• _Work item_
Return the stretch from the line with "41988794 alte Postkarte" through the line with "Here 前身为美国地图公司 NAVTEQ,2008" in the data below, character for character, skipping all pictures.

Records for the exercise Start Marker

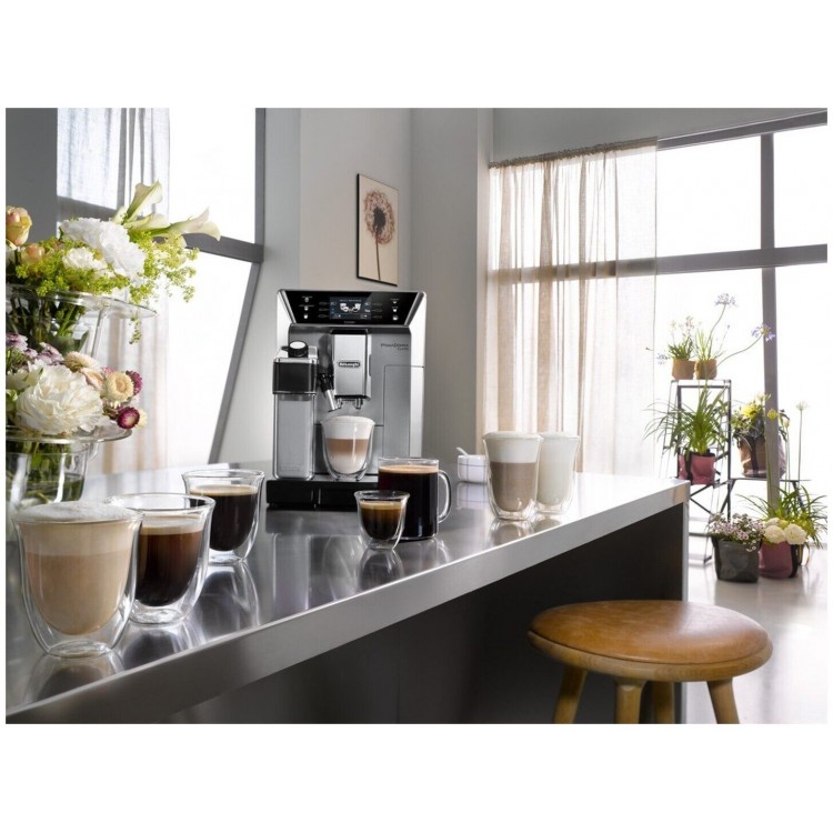 Кофемашина DeLonghi PrimaDonna Class ECAM550.65. SB готовит напитки из молотого и зернового кофе. Благодаря давлению в 19 бар и термоблоку вы сможете оценить глубокий вкус и аромат каждого глотка.
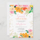 Entra nos holofotes enquanto brindamos a 16 anos de boas memórias! Nosso Dourado Convite Floral 16 é seu ingresso de ouro para uma celebração inesquecível. Imagem de flores silvestres pintadas manualmente dançando em tons de laranja, rosa, amarelo e verde, lançando um feitiço de beleza natural sobre seu dia especial. Com traços delicados de ouro reluzente, esse convite adiciona um borrão de magia, colocando o palco de uma solteira cheia de risos, alegria e o brilho dos sonhos juvenis. Vamos faz seu doce 16 brilhar como nunca!
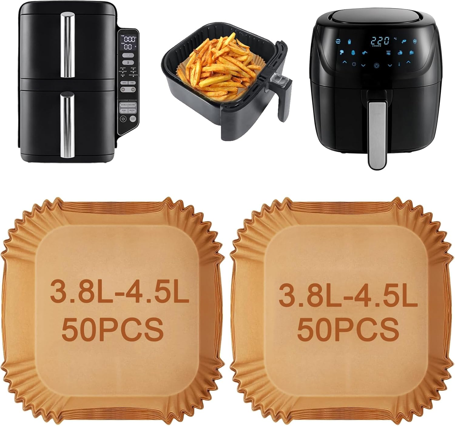 100PCS Air Fryer Liners for Ninja Double Stack 7.6L Air Fryer SL300UK, Dual Air Fryer Paper Liners Disposable, Ninja Double Stack Air Fryer
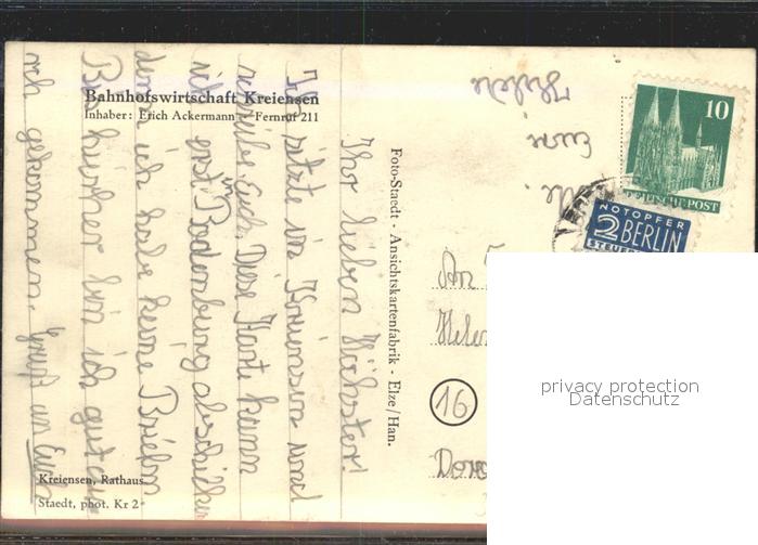 41988794 alte Postkarte Kreiensen Rathaus postalisch gelaufen Erhaltung siehe scans KatCode: 11110003155008
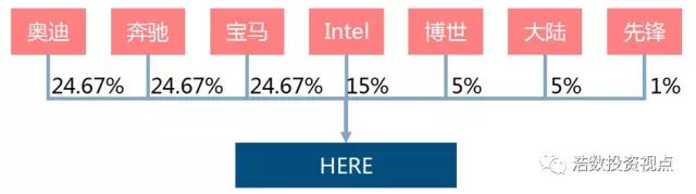 Here 前身为美国地图公司 NAVTEQ,2008 年被诺基亚以 81 亿美元的价格收购NAVTEQ,并入自己的 Here 地图部门。2015 年 4 月,诺基亚宣布剥离 Here 部门,吸引了宝马、奔驰、奥迪、谷歌、Uber、Facebook、百度、腾讯(联合四维图新)来竞标。最终奔驰、宝马、奥迪临时组成的联合体以 28 亿欧元(约 31 亿美元)全资收购 Here,三家各占 1/3 的股权。Here 的地图数据覆盖约 200 个国家,超过 4600 万公里。
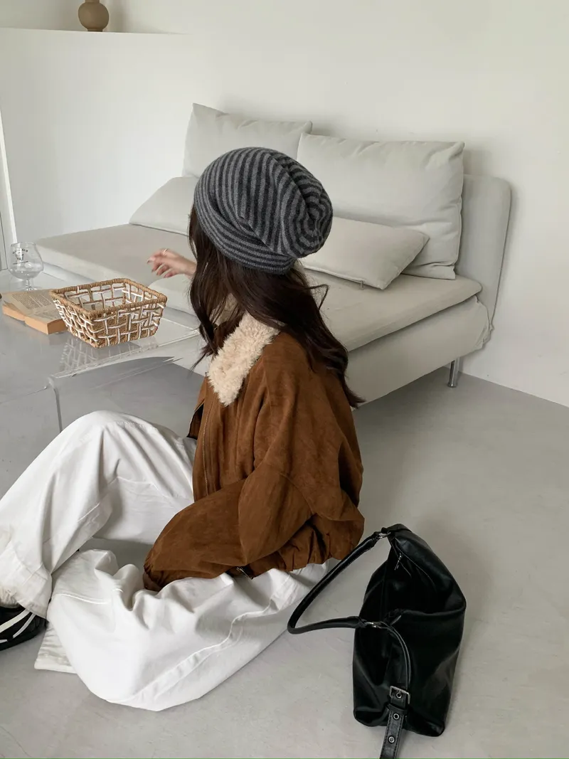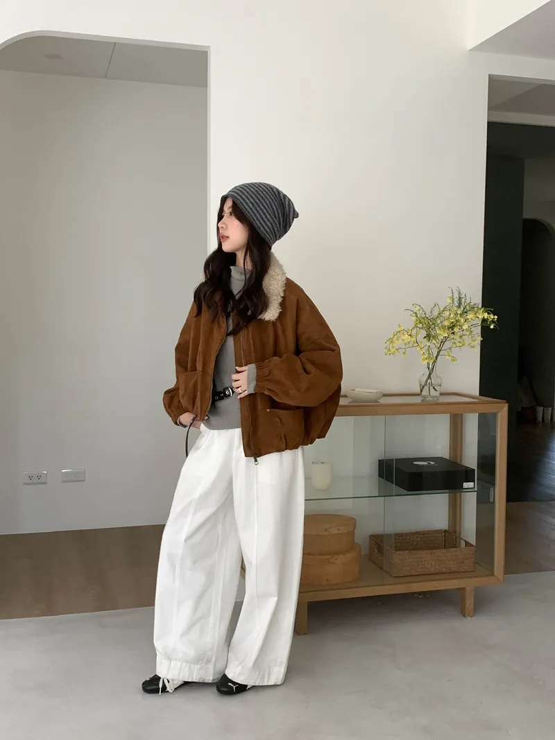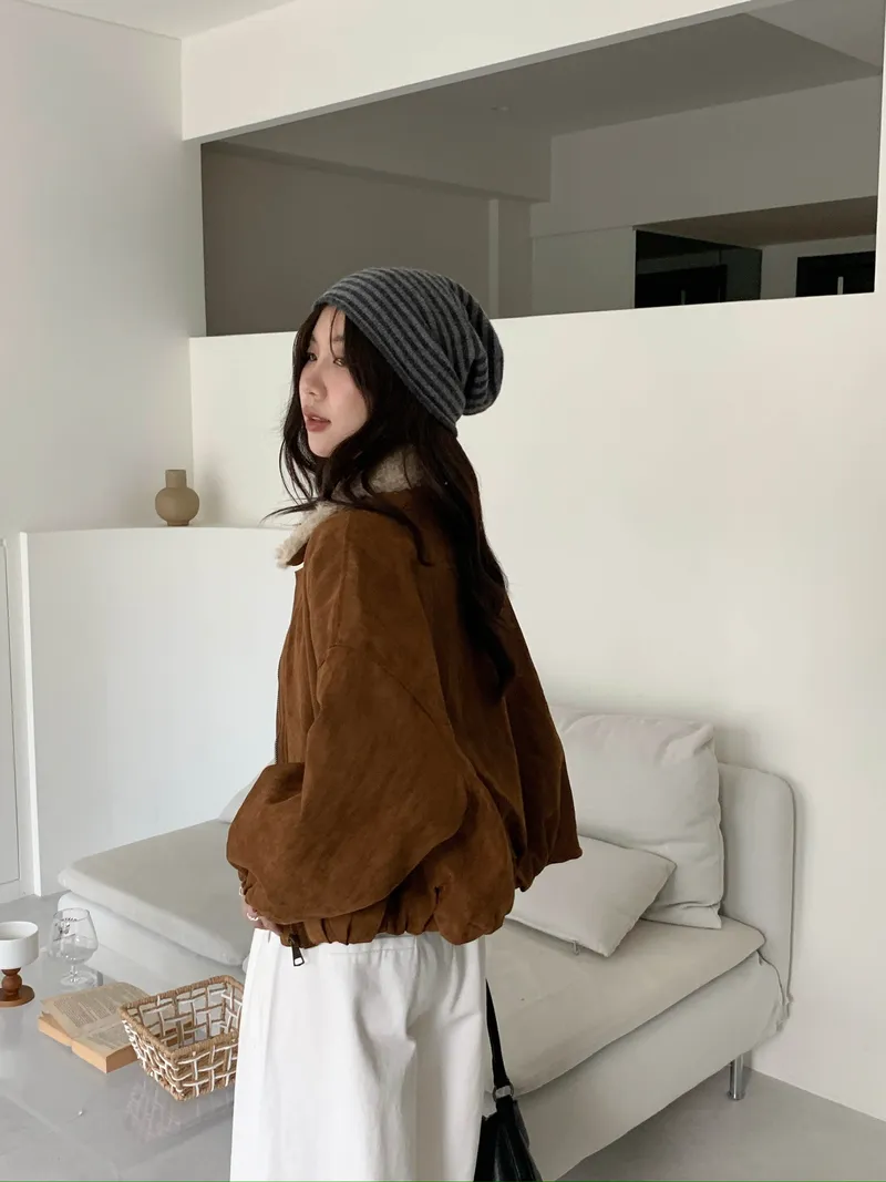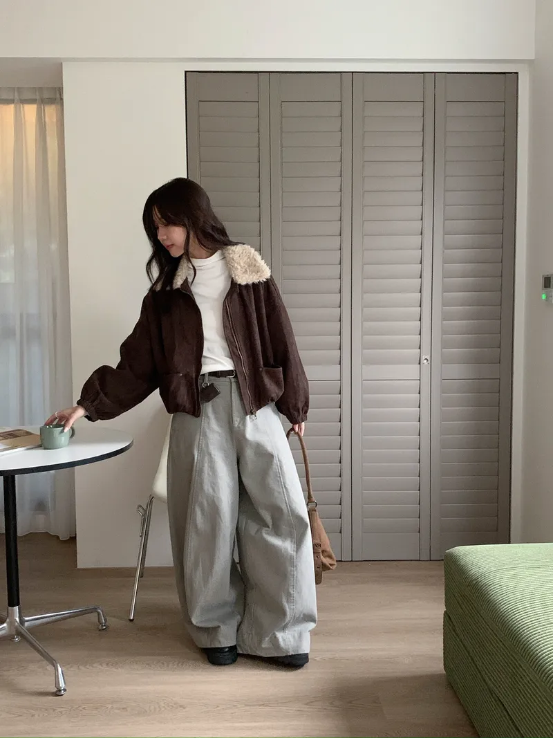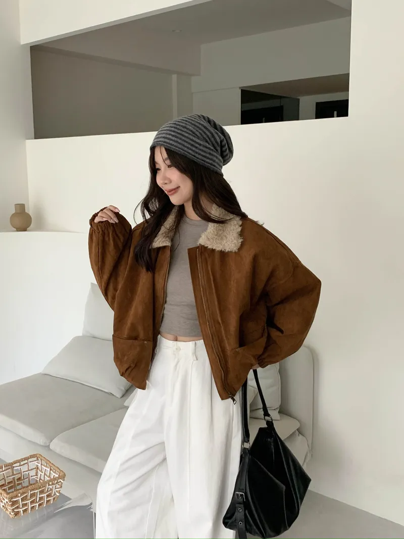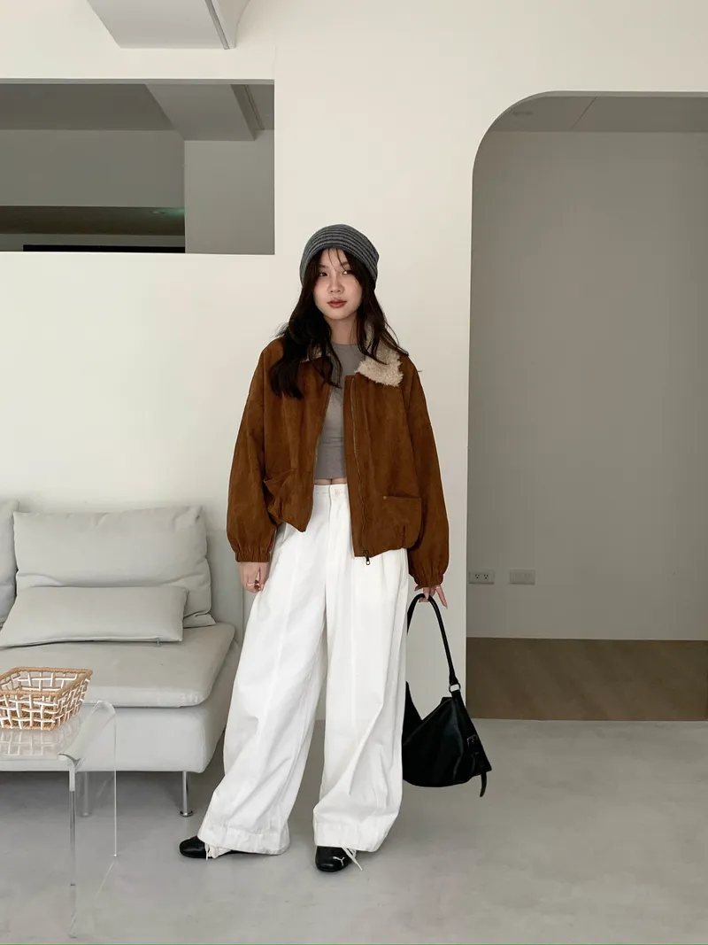 絨毛拼接領很可愛 搭配復古五金拉鍊
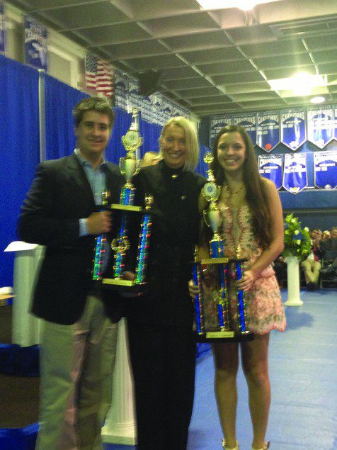 Gulliver students earn Kiwanis awardPictured are Gulliver Prep sophomores Louis Hamilton and Lauren Kaufman accepting the Kiwanis International Award for leadership and community involvement from Coral Gables Kiwanian Lynn Bauer of Bauer Financial in ceremonies at the school early last month. The award is given annually to students who havedisplayed strong character and excelled academically.
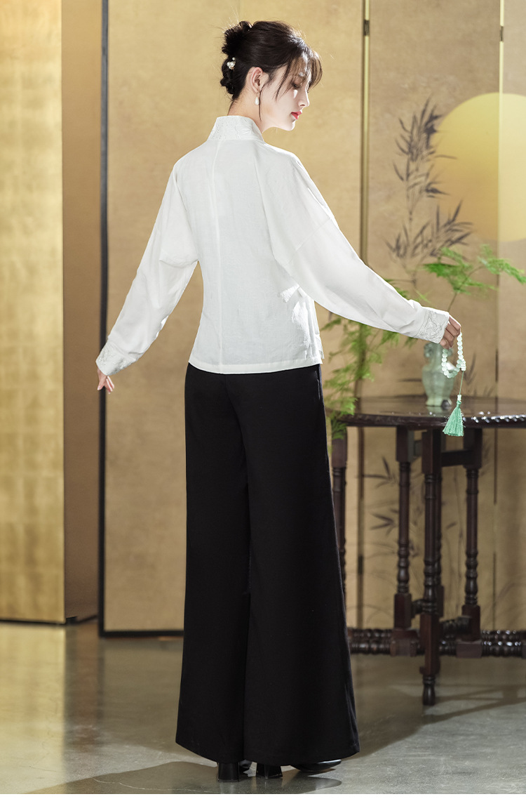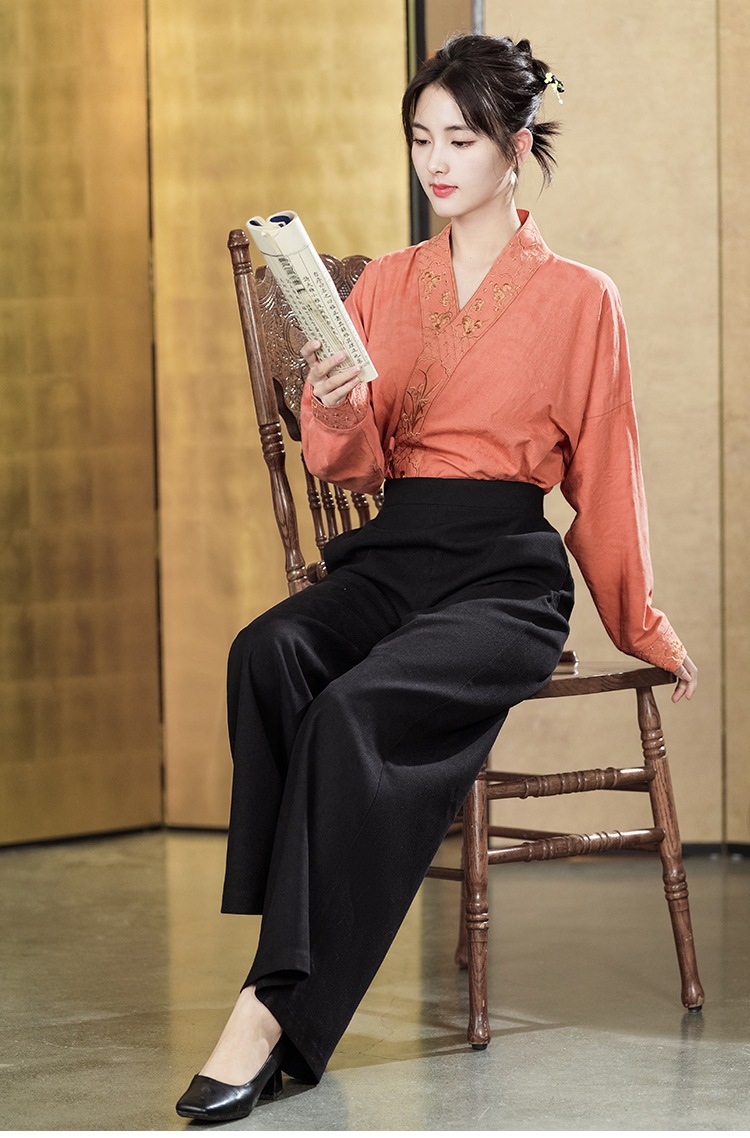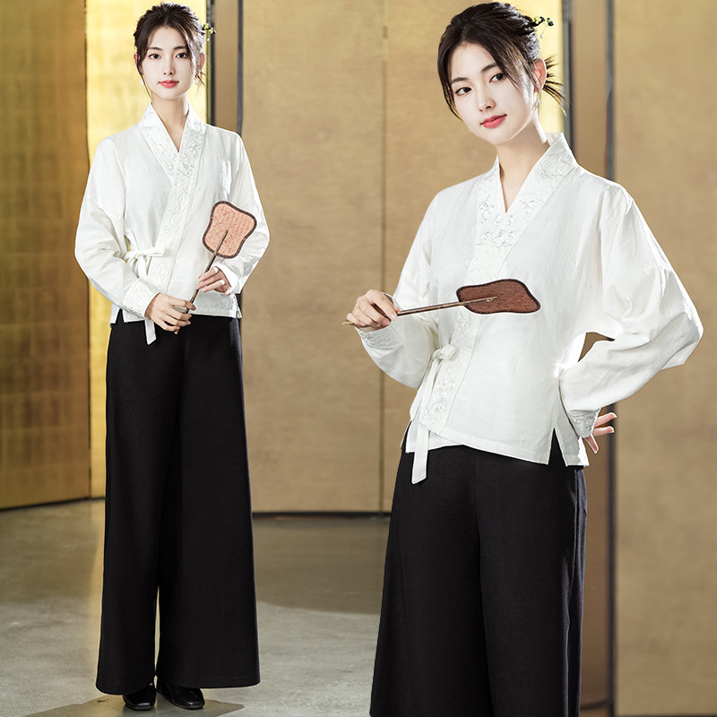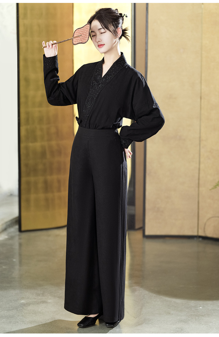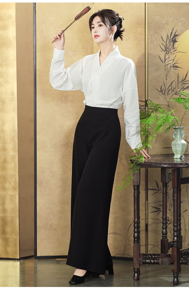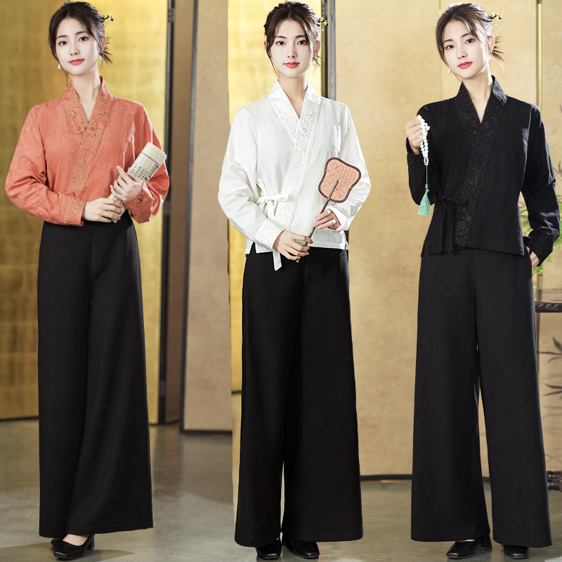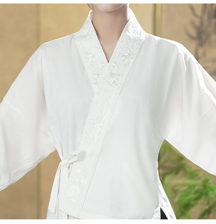 9673 реальный выстрел в наличии 2023 жаккард изысканная вышивка осень и зима Han элемент с перекрестным воротником на флисовой подкладке для женщин универсальное

Records for the exercise End Marker

• _Response for this exercise_
 41988794 alte Postkarte Kreiensen Rathaus postalisch gelaufen Erhaltung siehe scans KatCode: 11110003155008
 Here 前身为美国地图公司 NAVTEQ,2008 年被诺基亚以 81 亿美元的价格收购NAVTEQ,并入自己的 Here 地图部门。2015 年 4 月,诺基亚宣布剥离 Here 部门,吸引了宝马、奔驰、奥迪、谷歌、Uber、Facebook、百度、腾讯(联合四维图新)来竞标。最终奔驰、宝马、奥迪临时组成的联合体以 28 亿欧元(约 31 亿美元)全资收购 Here,三家各占 1/3 的股权。Here 的地图数据覆盖约 200 个国家,超过 4600 万公里。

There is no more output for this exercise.